━━ Exercise input ━━

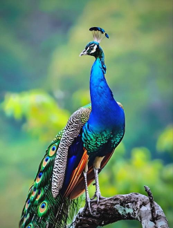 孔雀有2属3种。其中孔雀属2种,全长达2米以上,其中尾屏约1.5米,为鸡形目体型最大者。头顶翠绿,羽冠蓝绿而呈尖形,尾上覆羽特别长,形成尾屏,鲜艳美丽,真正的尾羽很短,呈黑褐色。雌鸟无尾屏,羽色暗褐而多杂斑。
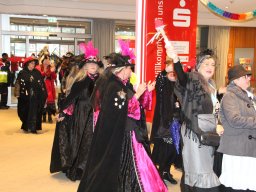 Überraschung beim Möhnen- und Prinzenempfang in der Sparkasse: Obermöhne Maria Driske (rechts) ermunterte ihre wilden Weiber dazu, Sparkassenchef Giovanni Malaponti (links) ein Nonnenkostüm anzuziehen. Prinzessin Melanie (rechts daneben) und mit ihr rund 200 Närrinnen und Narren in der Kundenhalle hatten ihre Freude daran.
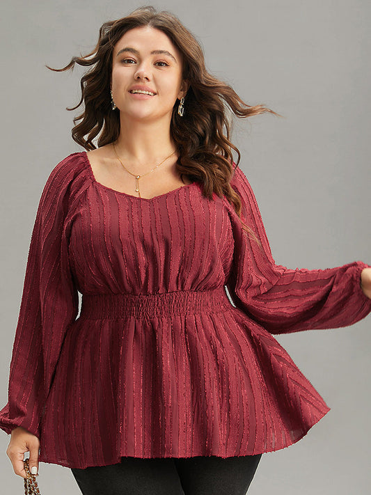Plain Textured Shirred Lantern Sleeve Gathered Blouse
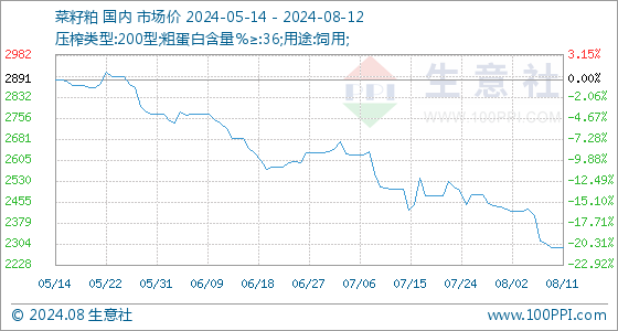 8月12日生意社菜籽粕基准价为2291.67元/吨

━━━
━━ Exercise input ━━

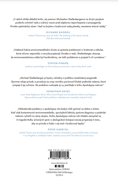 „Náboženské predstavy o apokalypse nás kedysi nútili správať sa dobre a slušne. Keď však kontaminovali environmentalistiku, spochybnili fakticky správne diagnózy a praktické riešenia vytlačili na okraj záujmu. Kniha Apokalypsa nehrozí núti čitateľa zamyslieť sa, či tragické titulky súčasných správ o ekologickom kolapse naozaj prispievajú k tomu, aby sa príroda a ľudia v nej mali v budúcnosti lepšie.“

━━━
━━ Exercise input ━━

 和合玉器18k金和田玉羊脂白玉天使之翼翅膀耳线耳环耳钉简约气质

━━━

* **Prompt**
Although the records above contain pictures, the copy must not; set down exactly the lines from the one with "孔雀有2属3种。其中孔雀属2" up to and including the one with "8月12日生意社菜籽粕基准价为2291.67元/吨".

* **Exercise solution**
 孔雀有2属3种。其中孔雀属2种,全长达2米以上,其中尾屏约1.5米,为鸡形目体型最大者。头顶翠绿,羽冠蓝绿而呈尖形,尾上覆羽特别长,形成尾屏,鲜艳美丽,真正的尾羽很短,呈黑褐色。雌鸟无尾屏,羽色暗褐而多杂斑。
 Überraschung beim Möhnen- und Prinzenempfang in der Sparkasse: Obermöhne Maria Driske (rechts) ermunterte ihre wilden Weiber dazu, Sparkassenchef Giovanni Malaponti (links) ein Nonnenkostüm anzuziehen. Prinzessin Melanie (rechts daneben) und mit ihr rund 200 Närrinnen und Narren in der Kundenhalle hatten ihre Freude daran.
Plain Textured Shirred Lantern Sleeve Gathered Blouse
 8月12日生意社菜籽粕基准价为2291.67元/吨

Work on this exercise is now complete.